More than 1,600 companies changed their outside accounting firm in 2004, up a whopping 78 percent from 2003, reported the The Wall Street Journal, citing date from proxy research firm Glass Lewis & Co. The 2,514 changes over the past two years represents more than one-fourth of all U.S. publicly traded companies.
Smaller businesses were more likely to changes auditors. According to the study, 85 percent of the companies that did so rang up $100 million or less in revenues last year.
The most common reasons that companies switched auditors? Audit firms discontinuing public-client work because of extra regulatory demands; corporate mergers; and lower fees at the new firm, according to the report. Only 19 companies last year — compared with 27 a year earlier — switched auditors because of disagreements over accounting matters.

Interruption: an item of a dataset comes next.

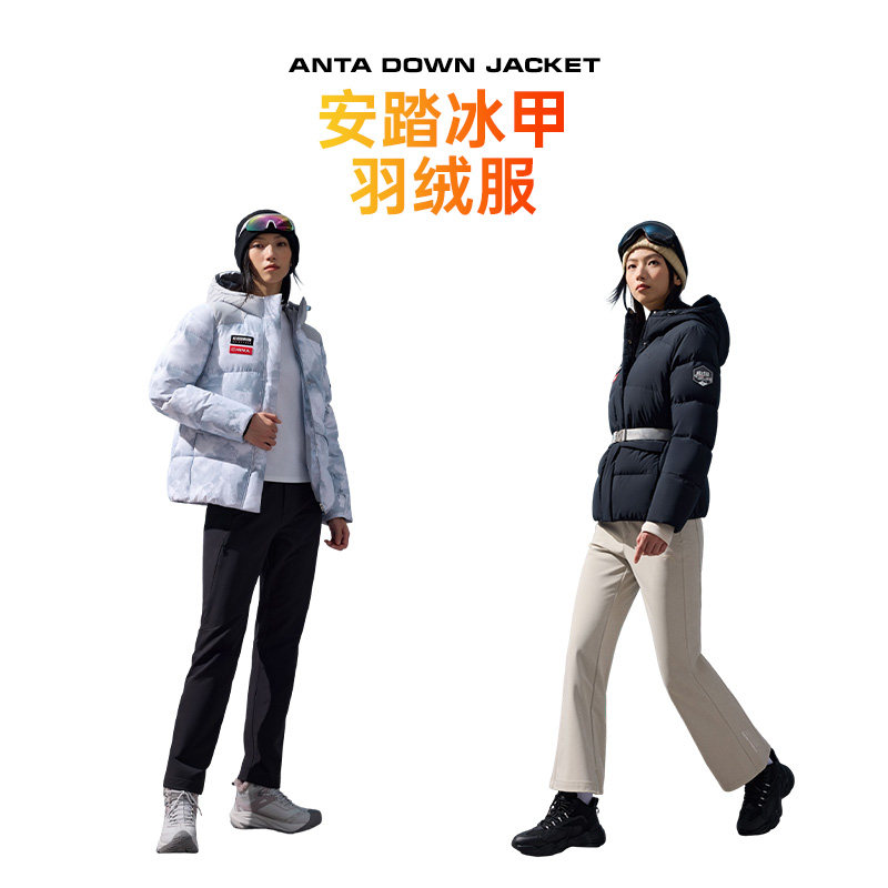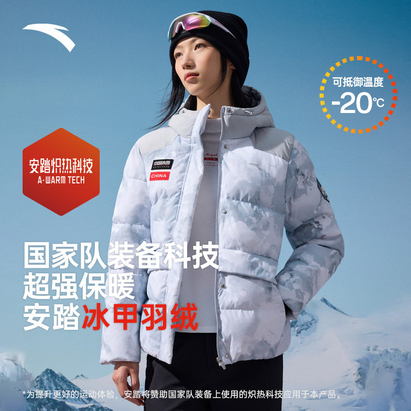 户外棉服夹克162447904 防泼水羽绒服女士冬季 安踏冰甲羽绒 短款
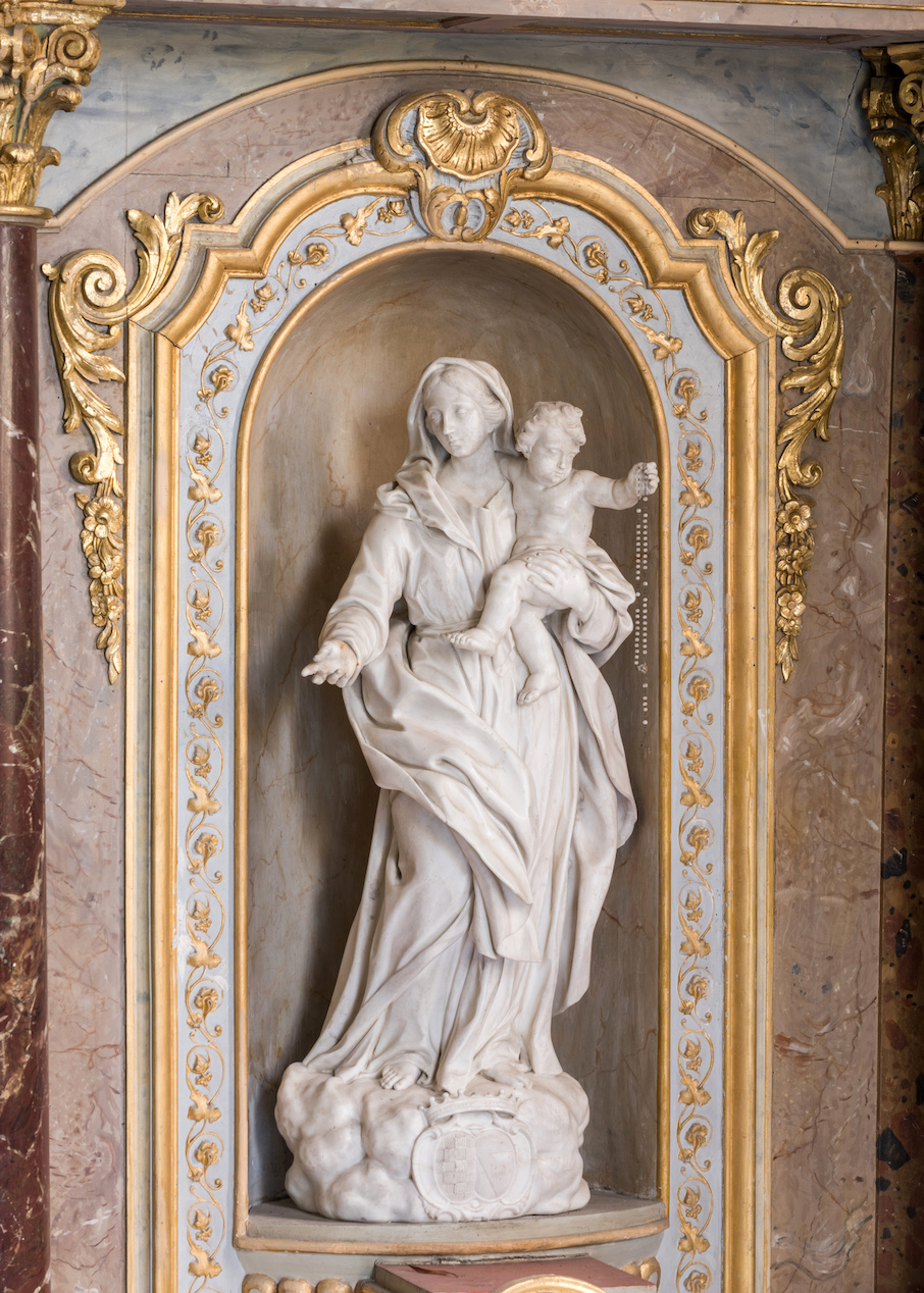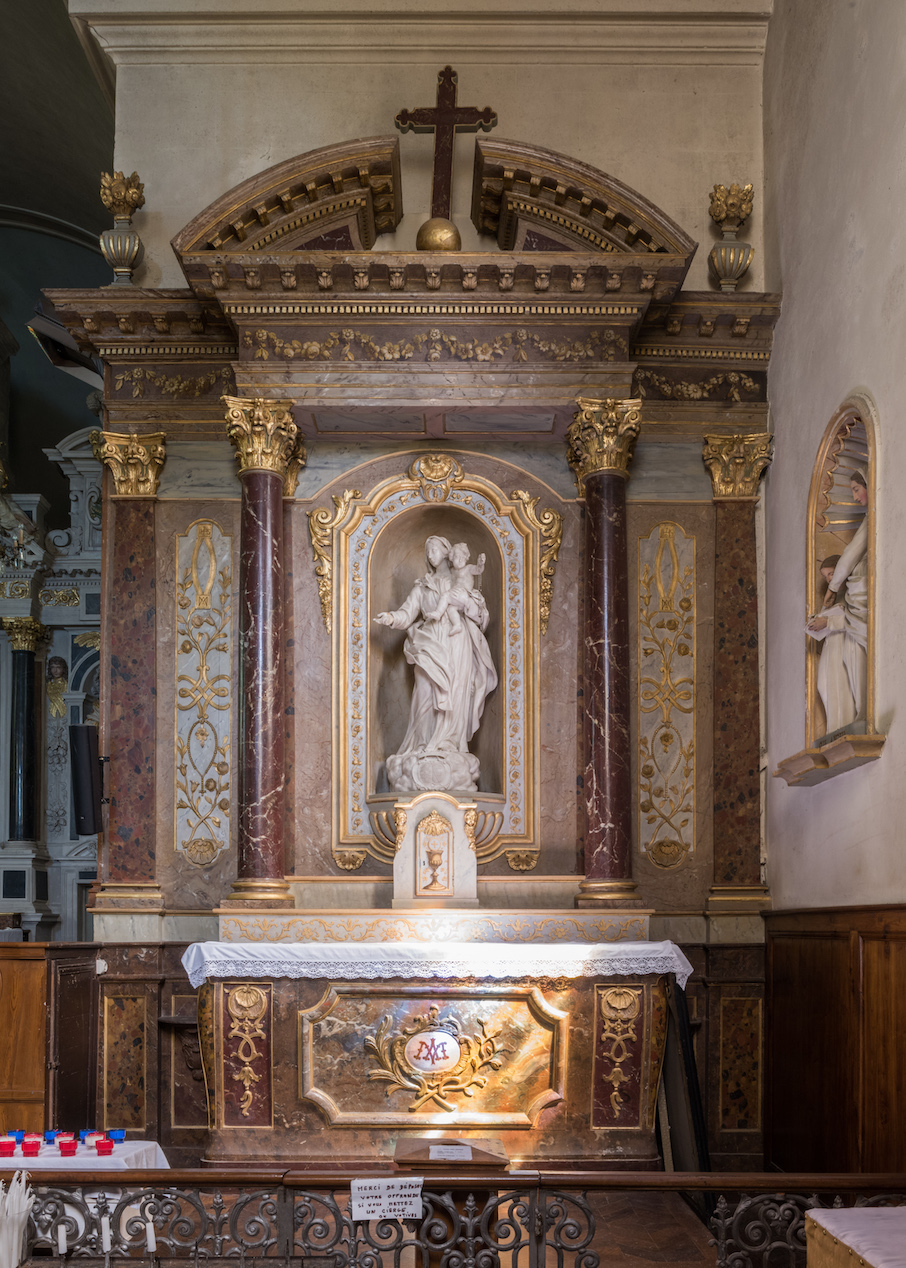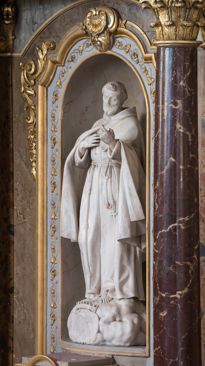 En 1774, le seigneur de Bonaban et négociant Guillaume Le Fer de la Saudre (1707-1763) et son épouse Hélène Le Grand de Vergoncée (1728-?), enrichis grâce à leur comptoir de Cadix, offrent deux statues de marbre blanc pour les autels latéraux, sur les socles desquelles ils font apposer leurs armes en alliance. La Vierge à l'Enfant et le saint François d'Assise ainsi commandés sont dus au ciseau du sculpteur gênois Francesco Maria Schiaffino qui avait déjà oeuvré trente ans plus tôt pour les Bénédictins de Saint-Malo.

The increased changes are “inconsistent with the arguments put forth in the past by the accounting firms, that changing auditors reduced audit quality,” Glass Lewis analyst Jason Williams reportedly asserted.
The biggest beneficiaries are the second-tier audit firms, which enjoyed a net gain of 117 clients last year, the Big Four — Deloitte & Touche, Ernst & Young, KPMG, and PricewaterhouseCoopers — netted a loss of 400 clients. BDO Seidman picked up the most new clients, 109; on the downside, 200 clients bid adieu last year to Ernst & Young.
Further, 61 companies changed auditors at least twice last year; most had less than $25 million in revenue. The report chalked this up to “opinion shopping.”